One of the biggest and most complex scientific experiments ever dreamed up - comparable in scale to the Large Hadron Collider - aims to find the answers to these and many more of the most challenging questions facing scientists. And it’s already underway in the desert 800 kilometres north of Perth in Western Australia.
While its acronym, SKA, may sound cool, it’s a little less catchy when spelt out - Square Kilometre Array. Nevertheless, in scientific terms it will be as cool as it gets when it is completed. This radio telescope, made up of thousands of antennas in a collecting area of one square kilometre, is designed to capture images of deep space never seen before.
The telescope will be the world’s largest and most powerful, with its myriad of antennas - linked by high bandwidth optical fibre - capable of imaging objects in space … all the way back to the Big Bang. It will be 50 times as sensitive and 10,000 times faster than anything that exists at the moment.
In terms of educating us about space, dark energy, black holes, and extra-terrestrial life, there has never been anything like it. The project, conceived in the 1990s and due for completion in 2023, has three precursor telescopes - two in Western Australia and one in South Africa. The two in WA - called the Murchison Widefield Array - have been operational for two years. The SKA will be about 100 times bigger than the MWA and will be built on the same site in the WA desert. To do their job they need phenomenal computer power and very fast connections. That’s because radio waves produce digital data that have to be converted by computer into images. And for that, the MWA has a special relationship with the National Broadband Network.
“The NBN plays a central role in what we do,” says Professor Steven Tingay, director of the MWA. Not only is our service over the NBN critical to carry the raw material that, after analysis, will take our knowledge of the universe to the next level, but it is also is at the forefront of the next big challenge for big businesses - crunching big data.
In two years the MWA project has produced a colossal four petabytes of data - that’s one million gigabytes or the equivalent of over 5,700 hours of full HD video, and 50 scientific papers.
“It’s a massive amount of data and we need to get that out of the middle of the desert to somewhere where we can process it in a timely fashion,” says Professor Tingay.
With at least 11 countries behind the project - Australia, New Zealand, Britain, China, South Africa, Sweden, Italy, Canada, India, Germany, and The Netherlands - there’s a great deal of data to share and analyse on the way to SKA’s target completion date.
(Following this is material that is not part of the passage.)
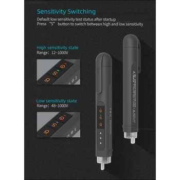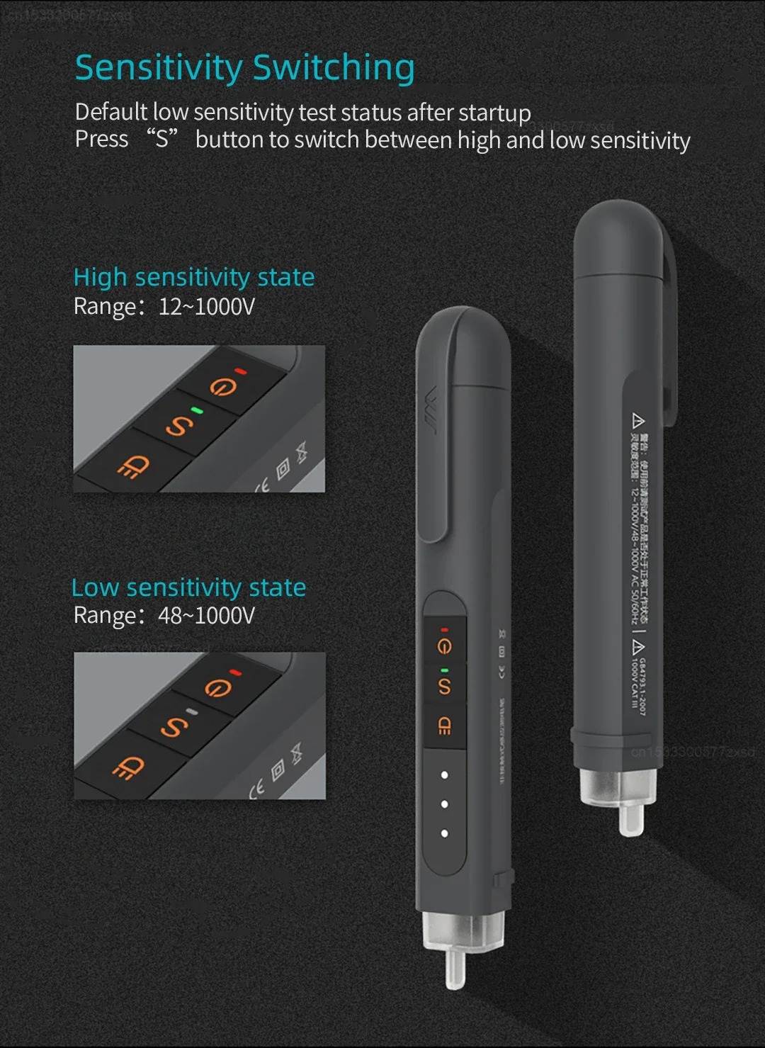 | Akurasi Tinggi dengan Range 12/48 - 1000 V Test pen Xiaomi Mijia Jimihome memiliki akurasi tinggi dengan range yang luas yakni 12/48 - 1000 V. Anda juga dapat mengatur sensitivitas deteksi secara manual dengan tombol "S", menjadi mode low sensitivity (48 - 1000 V) atau high sensitivity (12 - 1000 V). Kabel dengan tegangan rendah tetap dapat terdeteksi dengan test pen. |
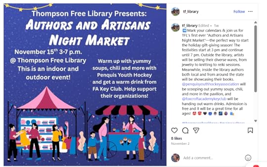 Maureen Milliken will join a variety of Maine authors and other vendors at Thompson Free Library’s Author and Artisan Night Market, 3-7 p.m. Saturday (today!). There’s no admission fee, thre ARE hot food and drinks, authors inside the library and lots of other vendors outside, 186 East Main St., Dover-Foxcroft. The event supports the library and Penquis Youth Hockey.

The CSIRO has built a dedicated fibre optic line to deliver data at a blistering speed from Murchison to Geraldton, some 300 kilometres to the south. But NBN Co took over from there, laying more than 400 kilometres of fibre optics to deliver the mass of data to the Pawsey Supercomputing Centre in Perth.
“Without the NBN we would not get our data out,” says Professor Tingay.
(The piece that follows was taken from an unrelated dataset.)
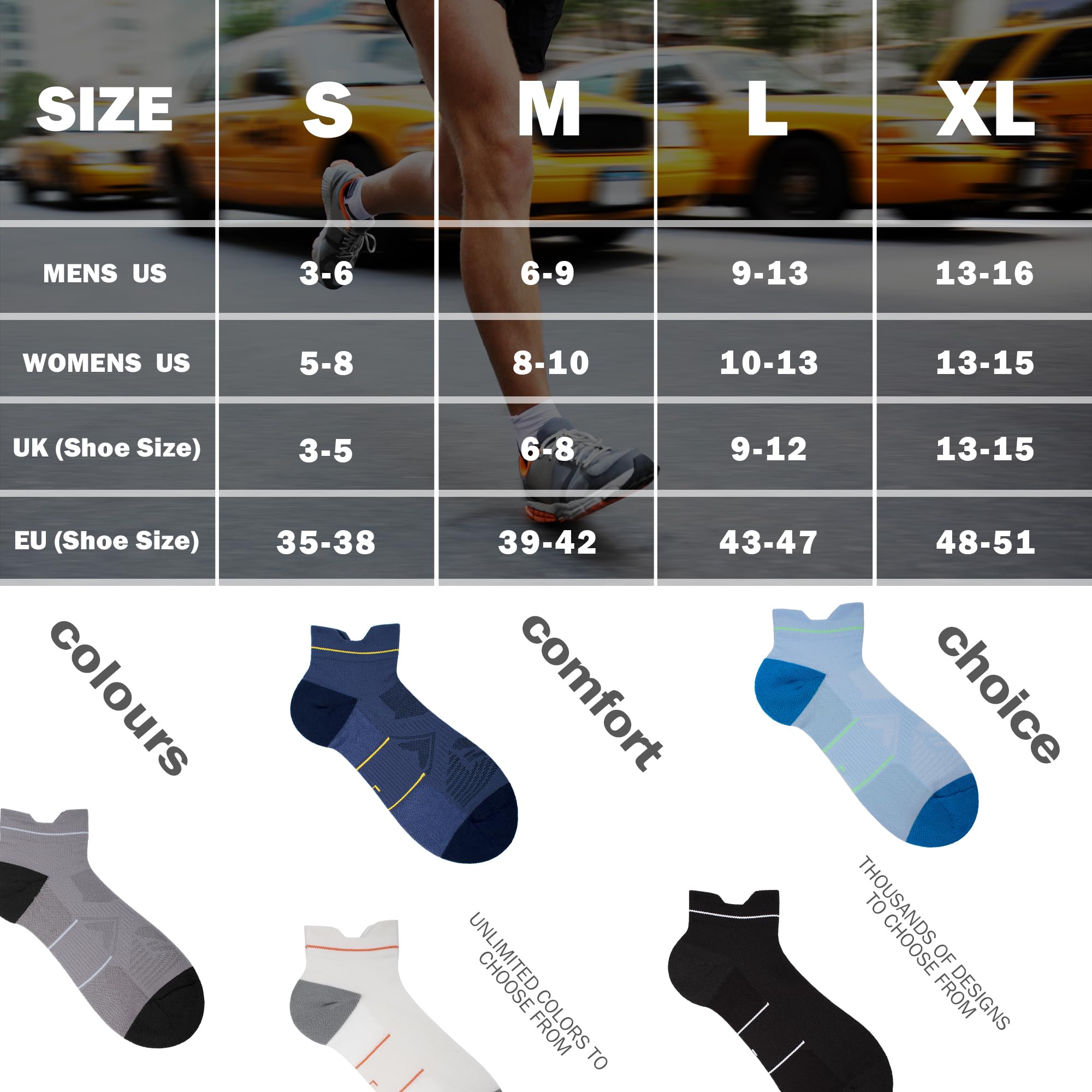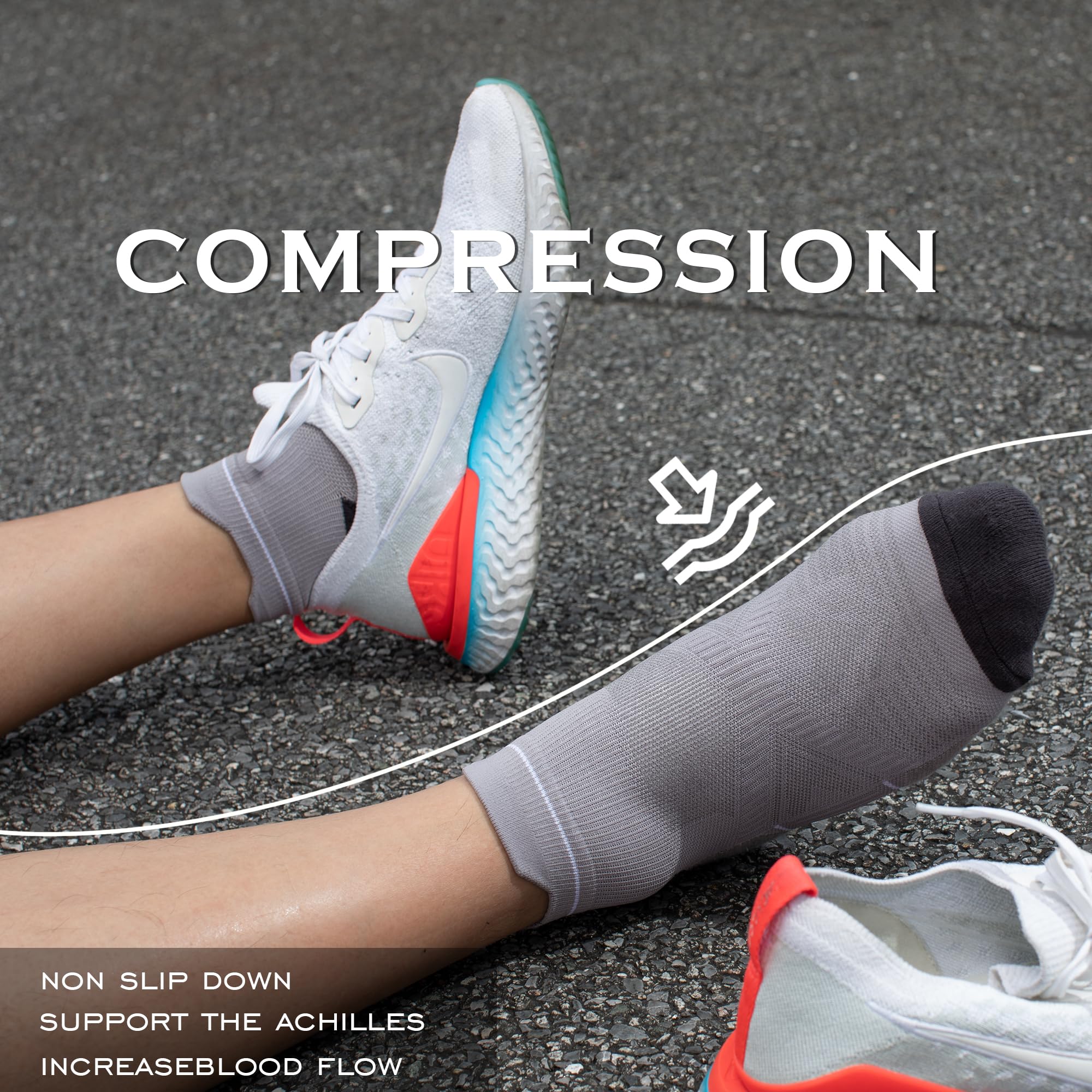 [Compression Design & Arch Support System]These Running socks men are designed with compression. Just the right amount of compression and an arch support system ensures supportive stability for the arches during intense exercise, whilst maintaining ankle flexibility.Proper compression band designed in arch fits the individual shape of your foot, hugs your foot evenly to keep the sock in position in your shoe.

The antennae and “tiles” that make up the MWA are scattered over 1.5 kilometres under clear desert skies, peering into deep space and “seeing”, for the first time, astonishing events.
“The MWA is leading the way. It’s early days but we are fully operational and we’re starting to see things we’ve never seen before,” says Professor Tingay.
“We’ve seen galaxies in the process of being born; we’ve seen galaxies in the process of dying, so we are seeing the full life cycle of galaxies for the first time.”
The MWA telescopes are also able to probe in great detail the immediate environment of Earth. Its radio signals produce huge amounts of data which is then converted by computer to images. At the moment physics doesn’t have an understanding of what makes up 95 percent of the universe, says Professor Tingay. But SKA will aim to solve, among other things, the mysteries of dark energy and “the cradle of life”, including whether there’s extra-terrestrial intelligence out there. So, even though it’s early days in this multi-billion-dollar global quest to crack some of the toughest nuts in science, does he think we will be able to answer the question of whether we are alone in the universe?
“Life can exist anywhere energy can be transferred,” he says. “There are billions upon billions of stars, and billions and billions of galaxies. It would be ridiculous to think we are the only self-replicating conscious life force.
“I suspect that life is probably pretty common in the universe.”